(Stored entries)
=-=-=
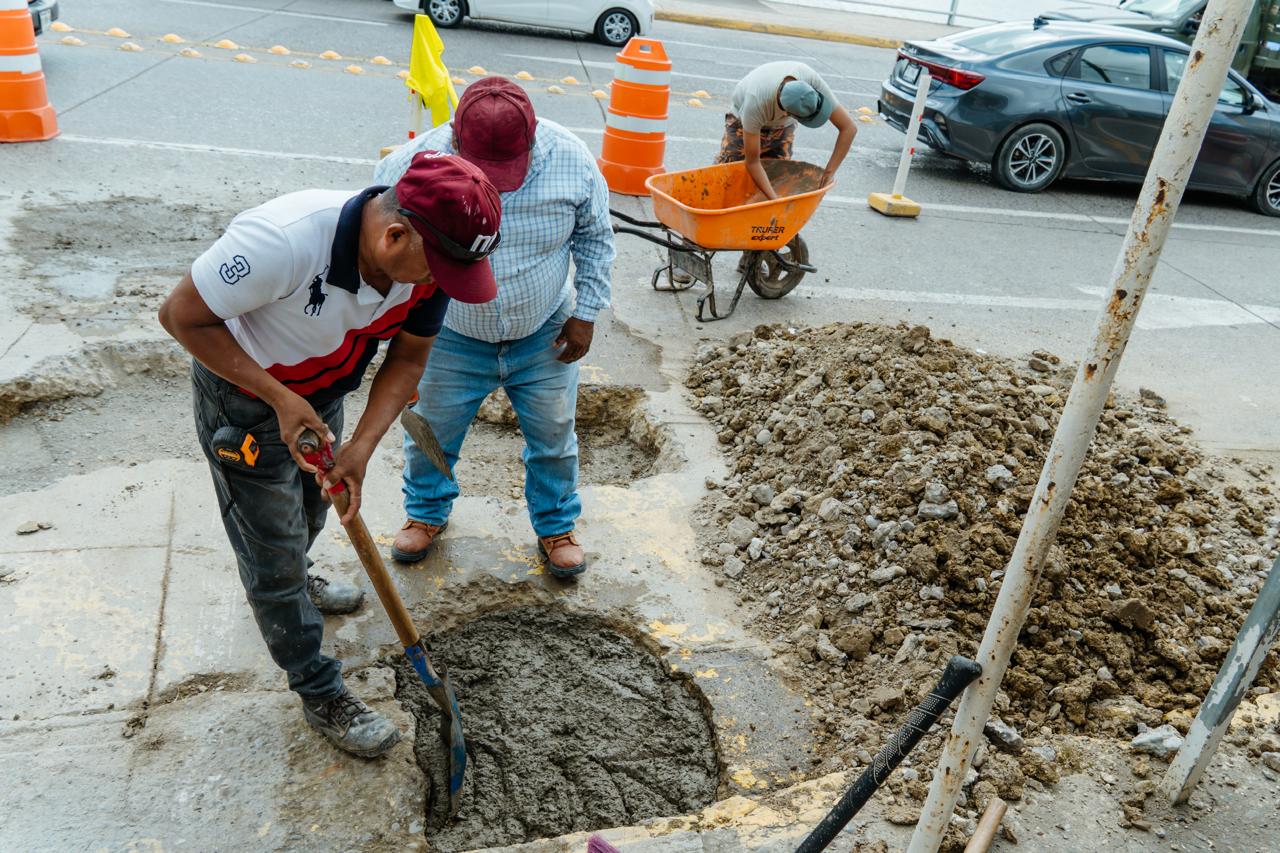 • La administración encabezada por el presidente municipal Daniel Cortina Martínez pone en marcha trabajos de limpieza, mantenimiento, bacheo y mejora de espacios públicos en el bulevar y la zona centro de la ciudad.
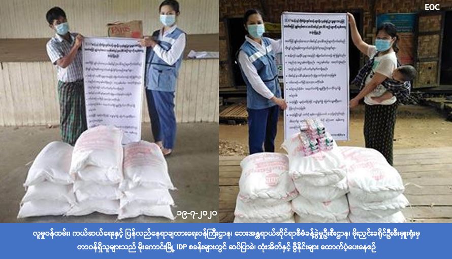 လူမှုဝန်ထမ်း၊ ကယ်ဆယ်ရေးနှင့်ပြန်လည်နေရာချထားရေးဝန်ကြီးဌာန၊ ဘေးအန္တရာယ်ဆိုင်ရာစီမံခန့်ခွဲမှုဦးစီးဌာန၊ မိုးညှင်းခရိုင်ဦးစီးမှူးရုံးမှတာဝန်ရှိသူများသည် (၁၉-၇-၂၀၂၀) ရက်နေ့တွင် မိုးကောင်းမြို့၊ ကျွန်းတောရပ်ကွက် IDP နှစ်ခြင်းဘုရားကျောင်း၊ နောင်ကိုင်တော် မဟောင်IDPစခန်းနှင့် နတ်ကြီးကုန်းIDPစခန်း(၃)ခု မှ အိမ်ထောင်စု(၃၈)စု၊ လူဦးရေ(၁၉၁)ဦးအတွက် ဆပ်ပြာ(၁၉၁)ခဲ၊ ထုံး(၃၀)အိတ်နှင့်ဗွီနိုင်း(၃)ခု တို့ကို သွားရောက်ထောက်ပံ့ပေးအပ် ခဲ့ကြောင်း သိရှိရပါသည်။
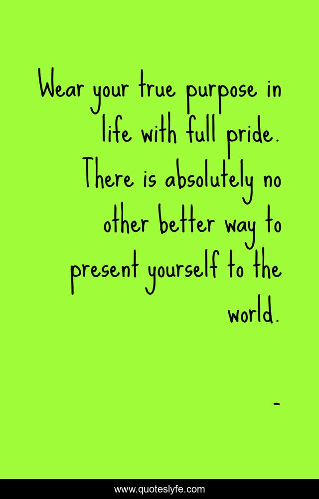 This page presents the quote "Wear your true purpose in life with full pride. There is absolutely no other better way to present yourself to the world.". Author of this quote is . This quote is about edmond-mbiaka, show-the-world-your-true-purpose, your-positive-purpose, your-true-purpose-in-life,.
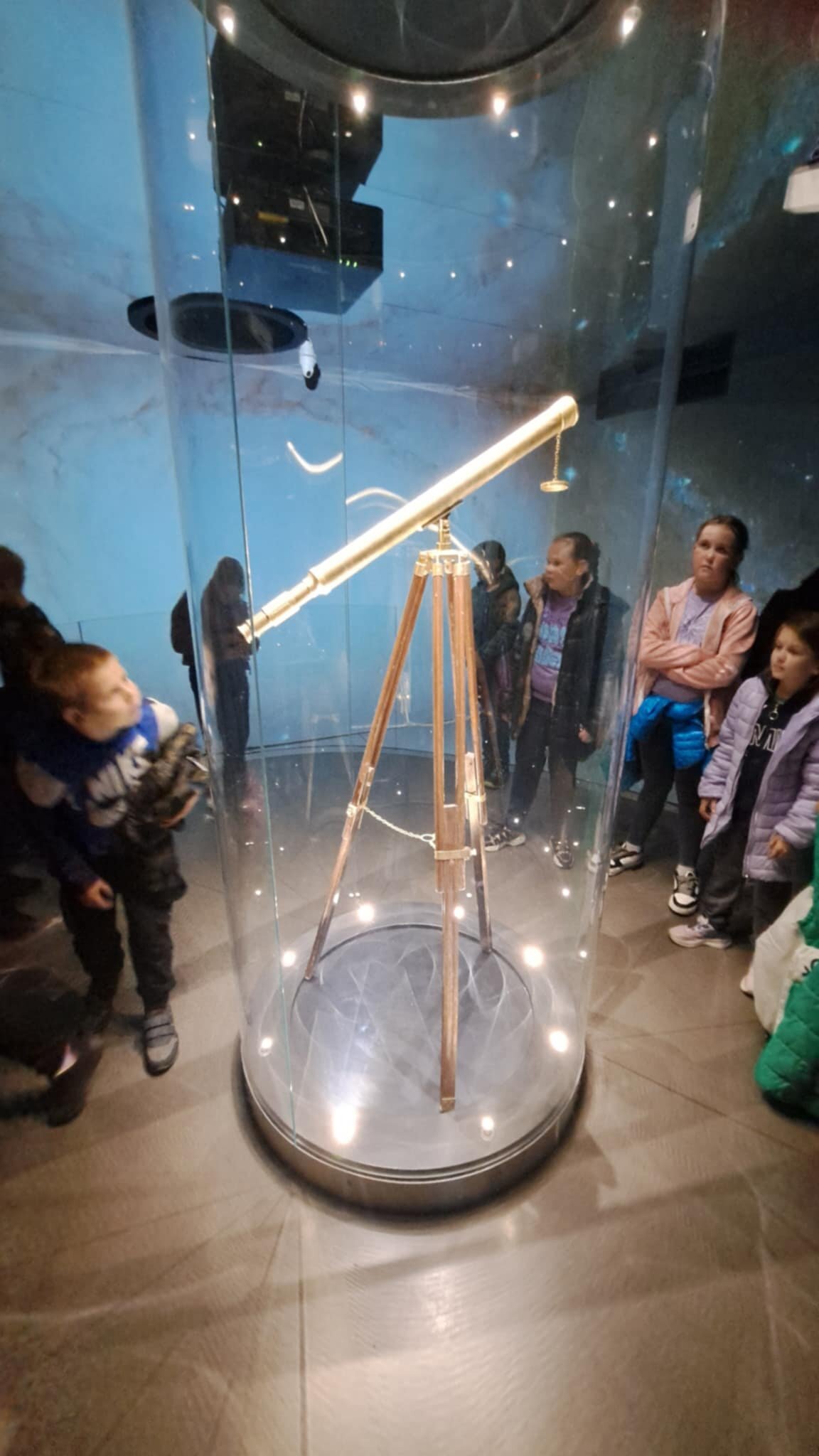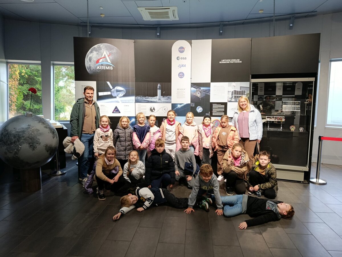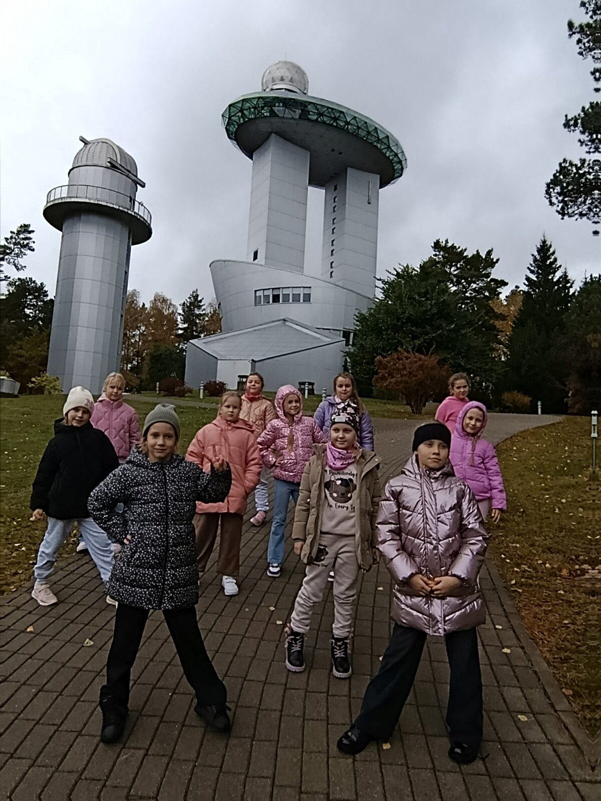 Ekskursija prasidėjo pažintimi su Molėtų etnokosmologijos muziejumi. Pagrindinis Lietuvos etnokosmologijos muziejaus uždavinys yra rinkti, kaupti, sisteminti, saugoti, moksliškai tyrinėti ir teikti lankytojams informaciją apie žmogaus ir žmonijos santykį su Kosminiu pasauliu. Muziejuje įrengta požeminė galerija su penkiomis salėmis, kuriose pateikiamos etnokosmologijos žinios. Mokiniams įdomiausi eksponatai buvo meteoritai, nukritę įvairiose pasaulio šalyse, taip pat iš Mėnulio pargabentas uolienos gabalas. O kiek įdomybių vaikai sužinojo apie kosmosą! Tai gali suprasti, tik apsilankę šiame muziejuje. Išėję į kiemą, galėjome susipažinti su Saulės sistemos planetų modeliais ir informacija apie juos.
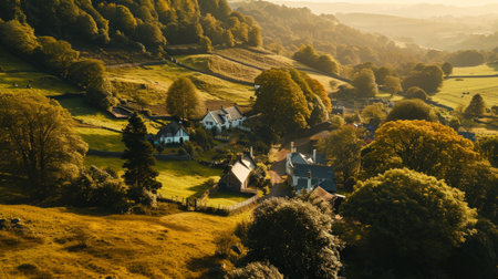 Aerial view of a cottage town amidst rolling hills, charming houses, idyllic countryside, peaceful surroundings, detailed and scenic depiction Generative AI
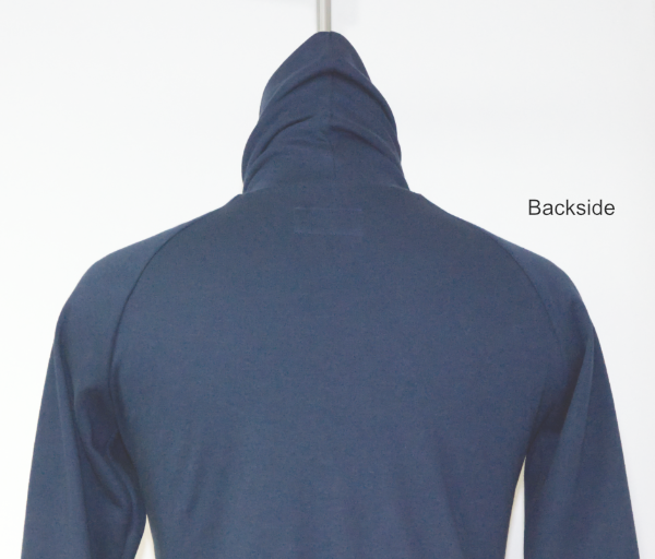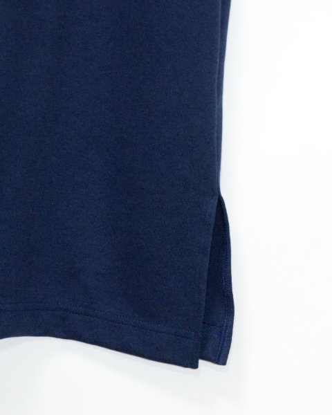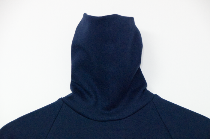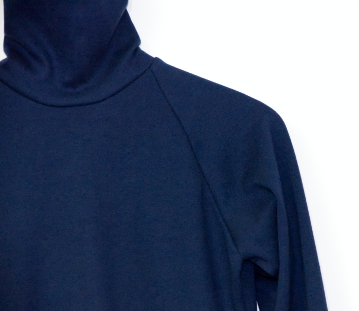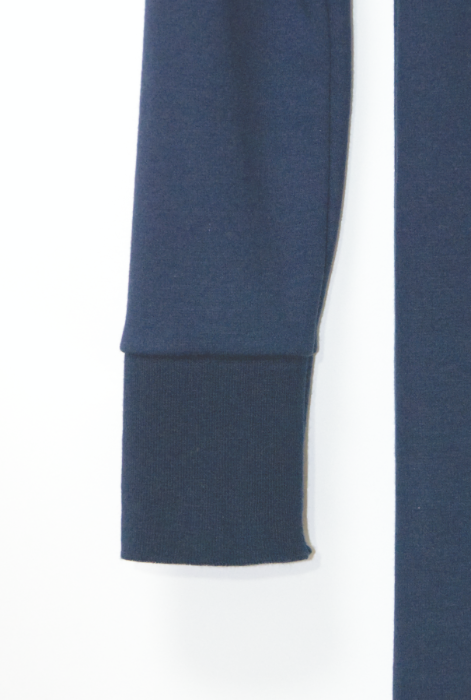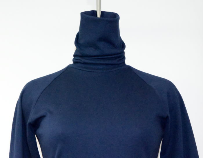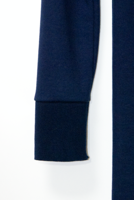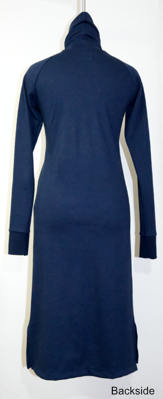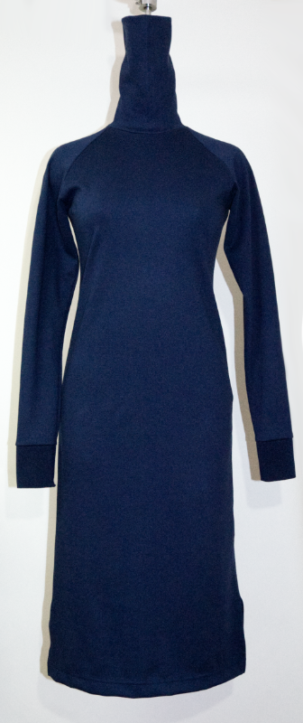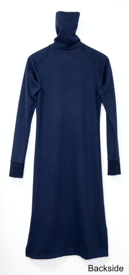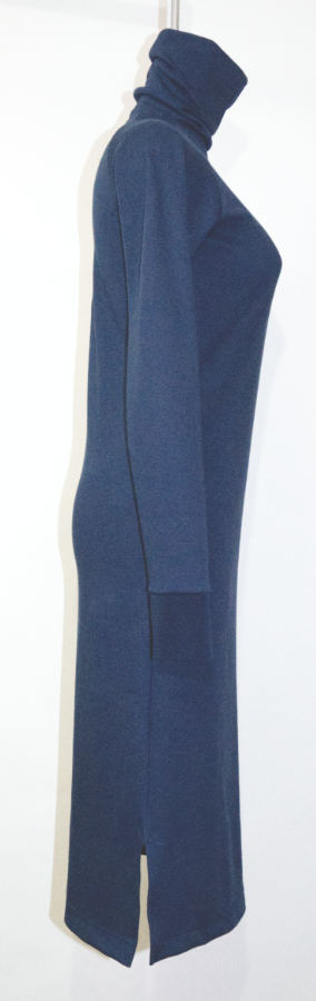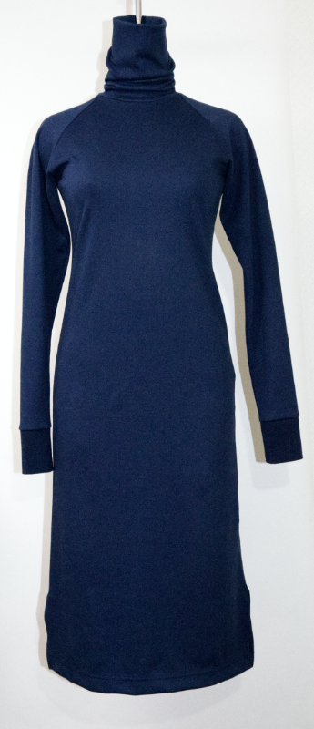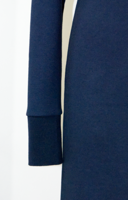 ニット系ストレッチ生地でできた紺色のワンピース。
=-=-=
> [What you need to do] Every line from the top of the entries through the line that holds "This page presents" is to be quoted exactly, please, and nothing else; omit the pictures.

> [Result of this exercise]
 • La administración encabezada por el presidente municipal Daniel Cortina Martínez pone en marcha trabajos de limpieza, mantenimiento, bacheo y mejora de espacios públicos en el bulevar y la zona centro de la ciudad.
 လူမှုဝန်ထမ်း၊ ကယ်ဆယ်ရေးနှင့်ပြန်လည်နေရာချထားရေးဝန်ကြီးဌာန၊ ဘေးအန္တရာယ်ဆိုင်ရာစီမံခန့်ခွဲမှုဦးစီးဌာန၊ မိုးညှင်းခရိုင်ဦးစီးမှူးရုံးမှတာဝန်ရှိသူများသည် (၁၉-၇-၂၀၂၀) ရက်နေ့တွင် မိုးကောင်းမြို့၊ ကျွန်းတောရပ်ကွက် IDP နှစ်ခြင်းဘုရားကျောင်း၊ နောင်ကိုင်တော် မဟောင်IDPစခန်းနှင့် နတ်ကြီးကုန်းIDPစခန်း(၃)ခု မှ အိမ်ထောင်စု(၃၈)စု၊ လူဦးရေ(၁၉၁)ဦးအတွက် ဆပ်ပြာ(၁၉၁)ခဲ၊ ထုံး(၃၀)အိတ်နှင့်ဗွီနိုင်း(၃)ခု တို့ကို သွားရောက်ထောက်ပံ့ပေးအပ် ခဲ့ကြောင်း သိရှိရပါသည်။
 This page presents the quote "Wear your true purpose in life with full pride. There is absolutely no other better way to present yourself to the world.". Author of this quote is . This quote is about edmond-mbiaka, show-the-world-your-true-purpose, your-positive-purpose, your-true-purpose-in-life,.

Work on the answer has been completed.